PayPal Acquired a Company for $233 Million and It Leaked 1.6 Million Customer Records


In yet another data breach of the year, PayPal has admitted that it was an indirect victim of a security breach that resulted in the leak of over 1.6 million customers' data. The leak apparently happened through TIO networks - a company that PayPal recently acquired. TIO networks that runs a network of over 60,000 utility and bills payment kiosks across North America was acquired by Paypal earlier this year for $233 million.

PayPal first reported a potential breach on November 10 when it announced having suspended the operations of TIO network, but didn't provide any details. PayPal has now said it has "identified a potential compromise of personally identifiable information for approximately 1.6 million customers."

PayPal Issues $59M in Stock as part of iZettle Deal

A review of TIO’s network has identified a potential compromise of personally identifiable information for approximately 1.6 million customers. The PayPal platform is not impacted in any way, as the TIO systems are completely separate from the PayPal network, and PayPal’s customers’ data remains secure.

In its own statement, TIO suggested that PayPal was reviewing TIO's systems following the July acquisition and "uncovered evidence of unauthorized access to TIO’s network, including locations that stored personal information of some of TIO’s customers and customers of TIO billers."

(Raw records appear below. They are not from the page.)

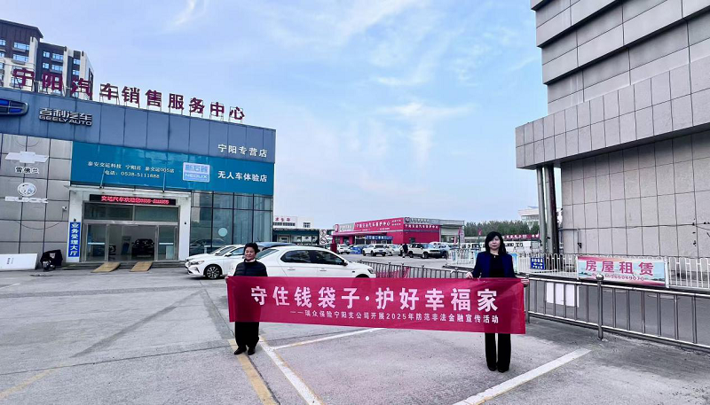 为有效遏制非法金融活动的滋生蔓延,进一步提升广大群众对非法金融活动的防范意识和识别能力,牢牢守护好市民的“钱袋子”,近日,瑞众保险泰安中支宁阳支公司精准聚焦汽车消费场景,在宁阳汽车销售服务中心开展2025年防范非法金融活动,将金融安全防护网织在消费一线。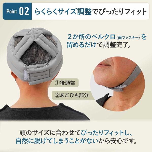 【 転倒から頭をしっかりガード 】不慮の転倒時、頭をしっかりと保護するヘッドギアです。高齢者の事故防止、リハビリ時の怪我防止に役立ちます。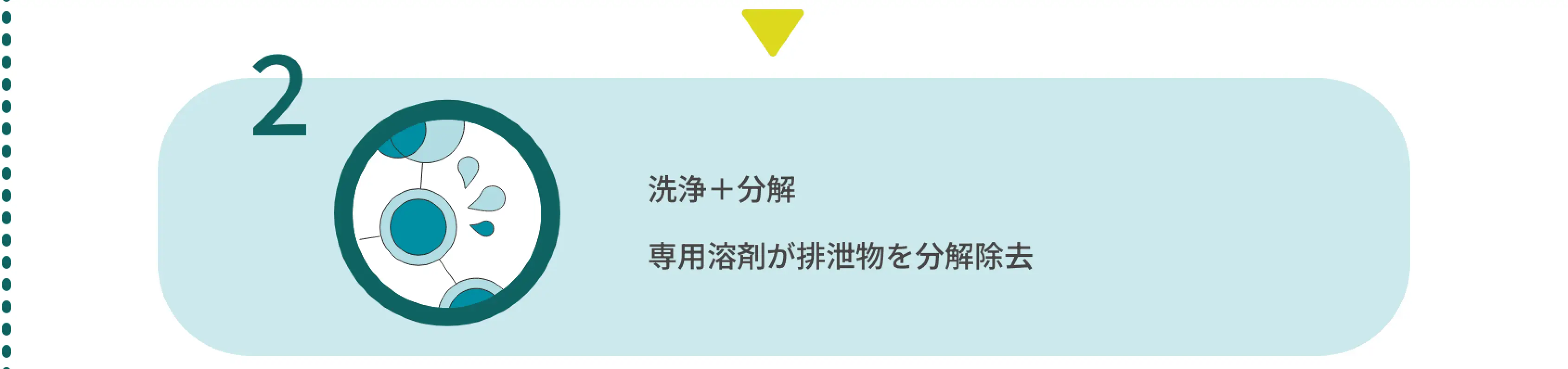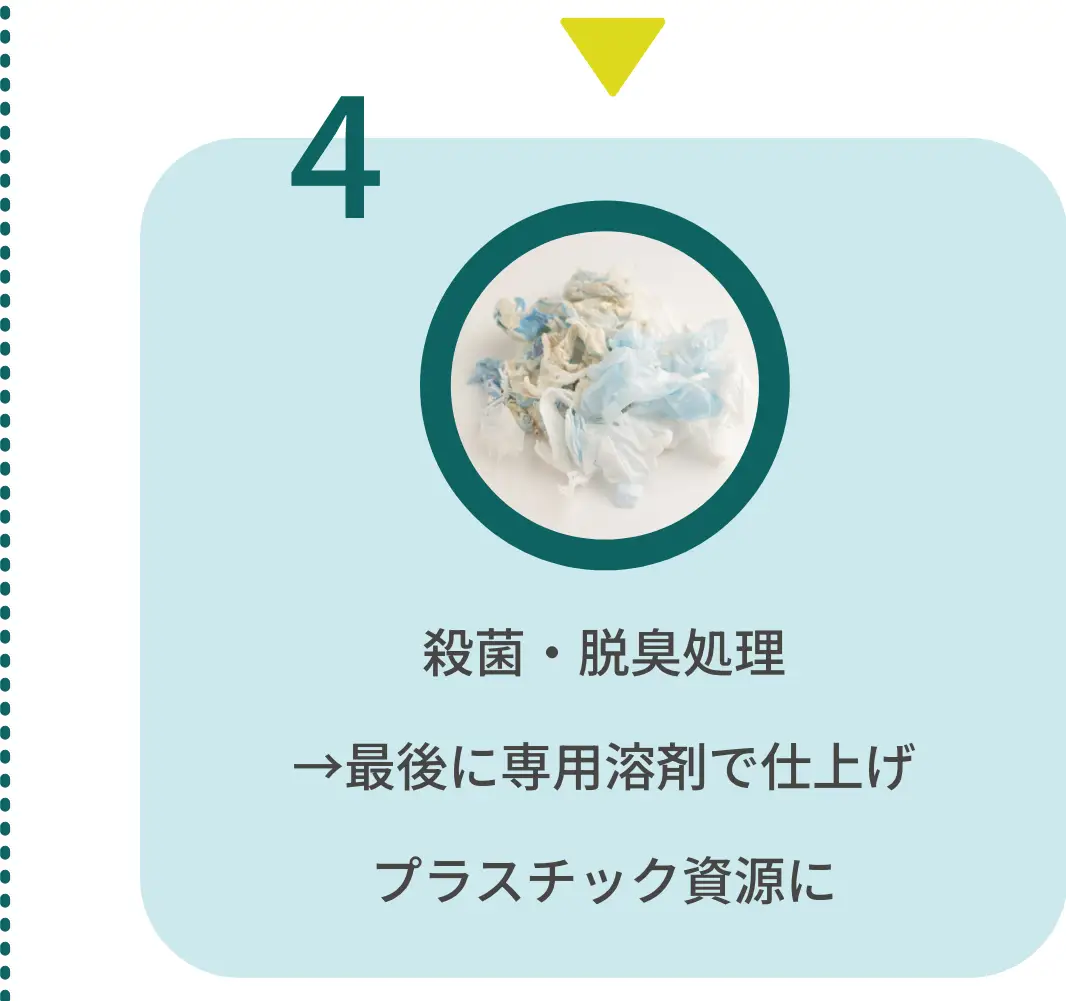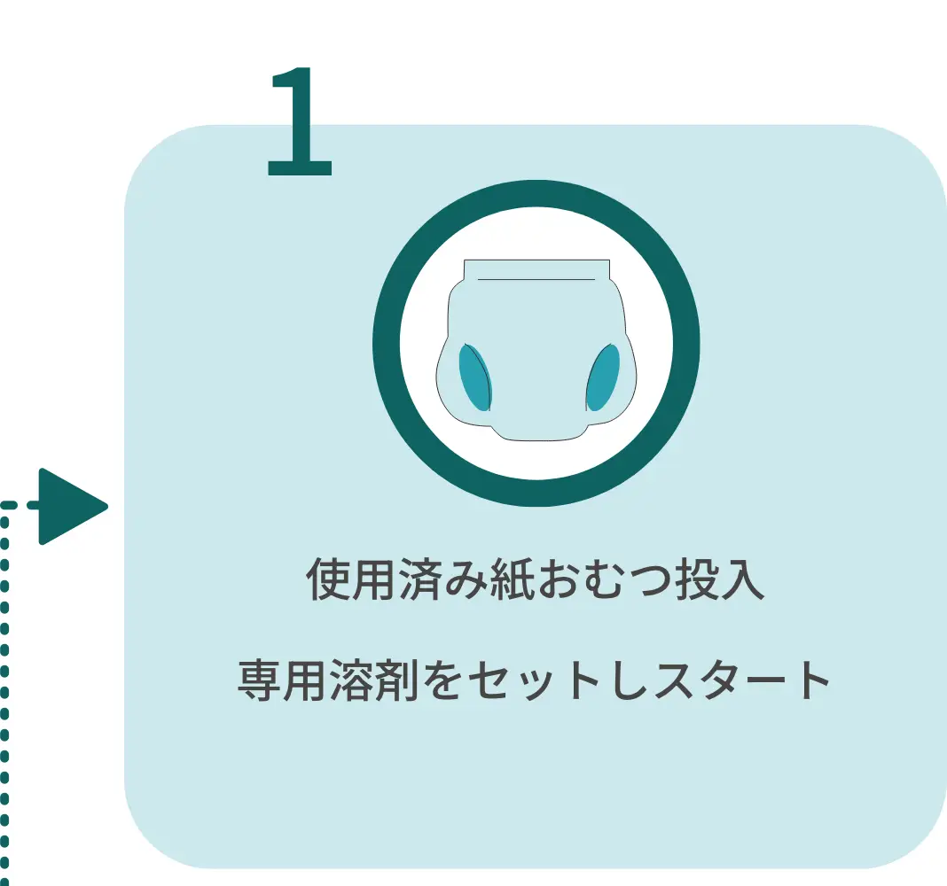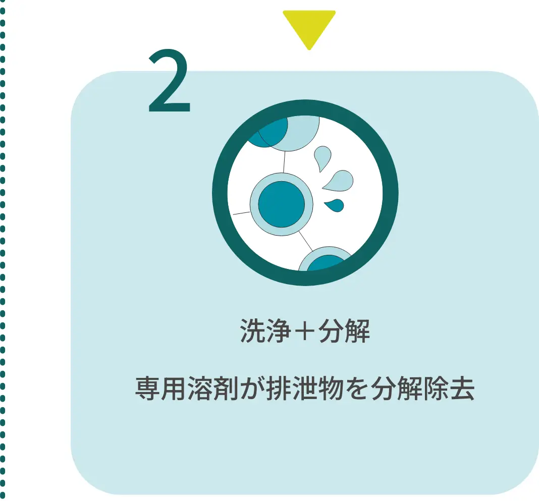 →排泄物を吸収した高分子ポリマーを専用溶剤が素早く分解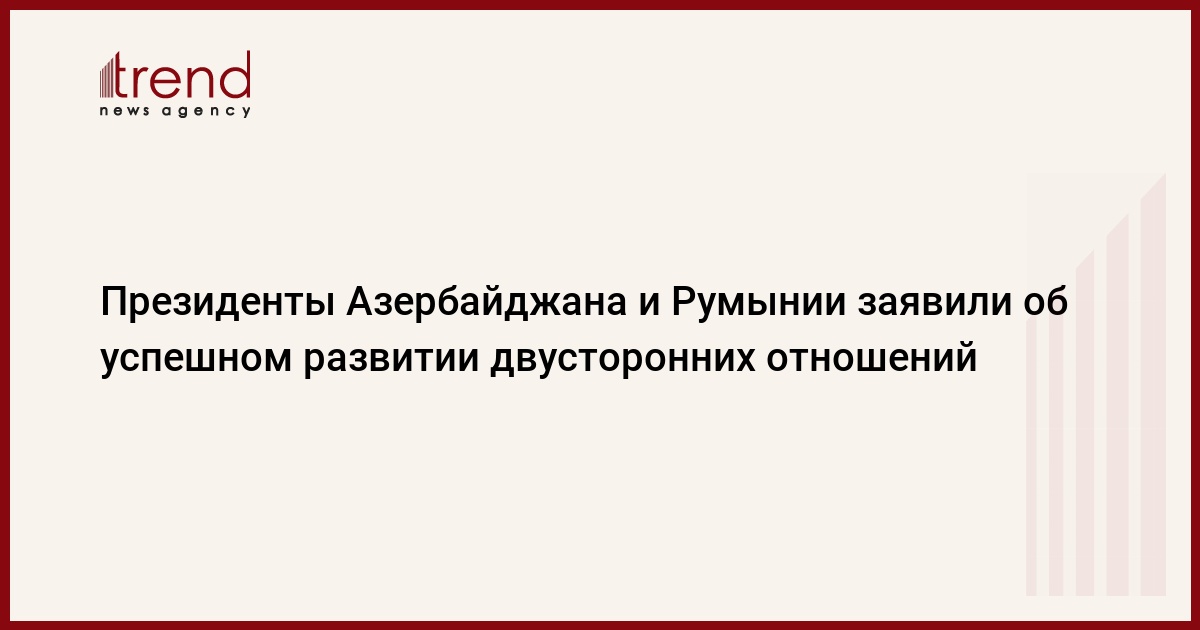 Румыния, Бухарест /корр. Trend Ю.Алиев/ На встрече президентов Азербайджана и Румынии, которая прошла 24 сентября в Бухаресте, было отмечено успешное развитие двусторонних отношений. Об этом по итогам переговоров тет-а-тет президентов Азербайджана и Румынии Ильхама Алиева и Траяна Басеску в понедельник журналистам сообщил пресс-секретарь главы Азербайджана Азер Гасымов.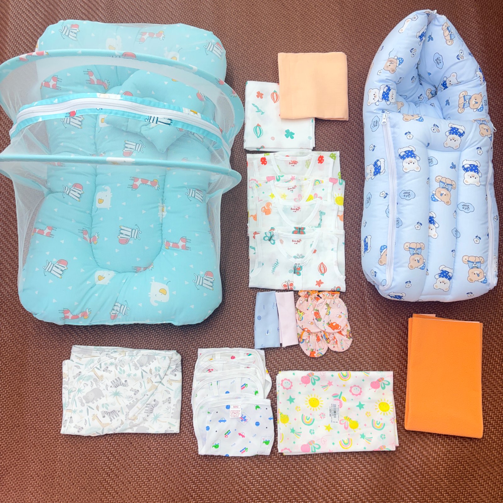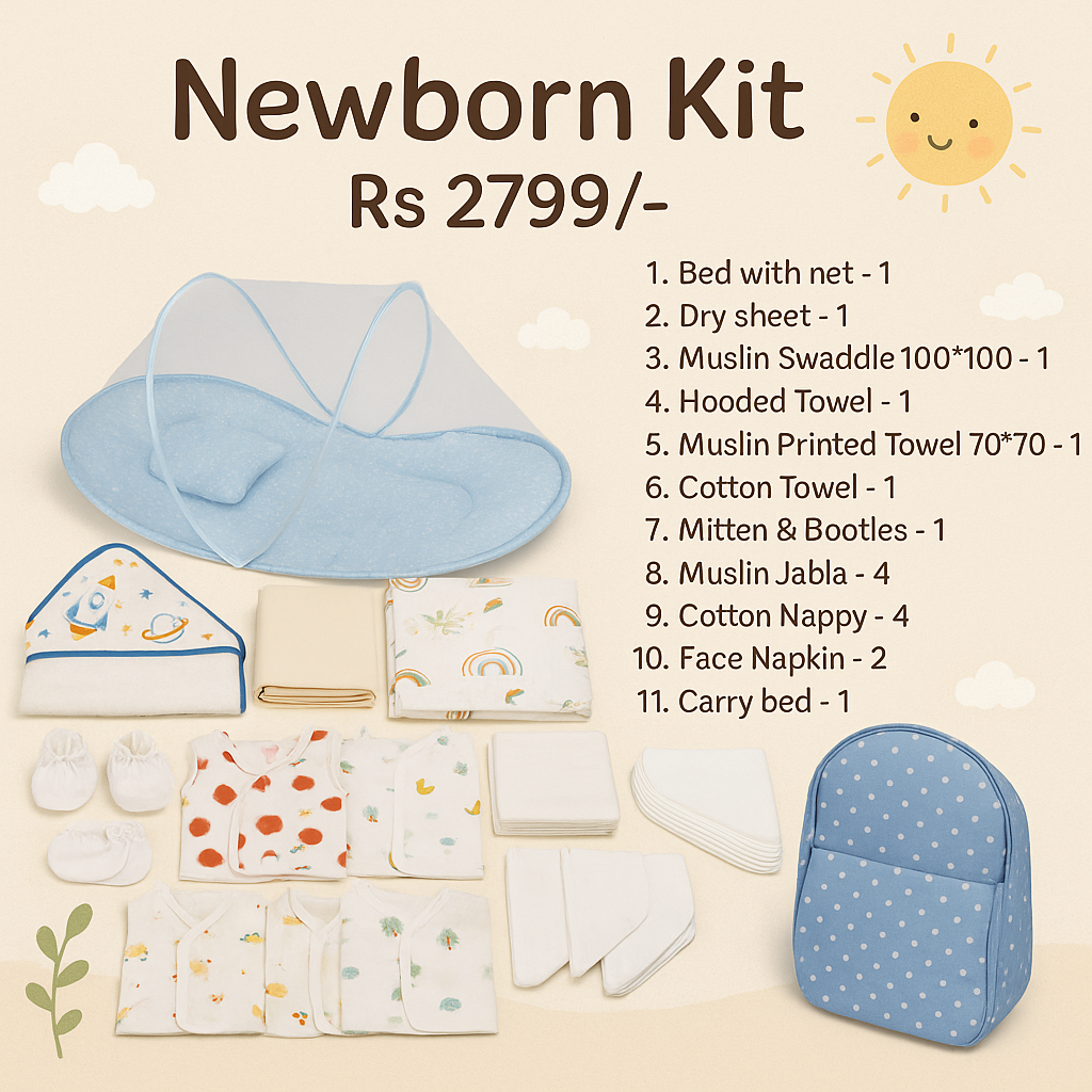 A complete 11-piece newborn kit crafted from soft muslin and cotton for your baby’s first days. Includes bed with net, carry bed, swaddles, towels, jablas and more – everything you need for comfort and care.

As the European General Data Protection Regulation (GDPR) looms, the companies will be required to notify clients within 72 hours or they could risk heavy fines in Europe. PayPal was quick to add that its own systems and clients remain unaffected and that it will directly notify affected victims. PayPal added:

TIO has also begun working with the companies it services to notify potentially affected individuals, and PayPal is working with a consumer credit reporting agency to provide free credit monitoring memberships. Individuals who are affected will be contacted directly and receive instructions to sign up for monitoring.

The company is currently in the process of notifying its clients that may have been affected by this breach. Customers have been offered free credit checks and identity theft insurance. TIO said at the moment, it "cannot provide a timeline for restoring bill payment services, and continues to recommend that you contact your biller to identify alternative ways to pay your bills."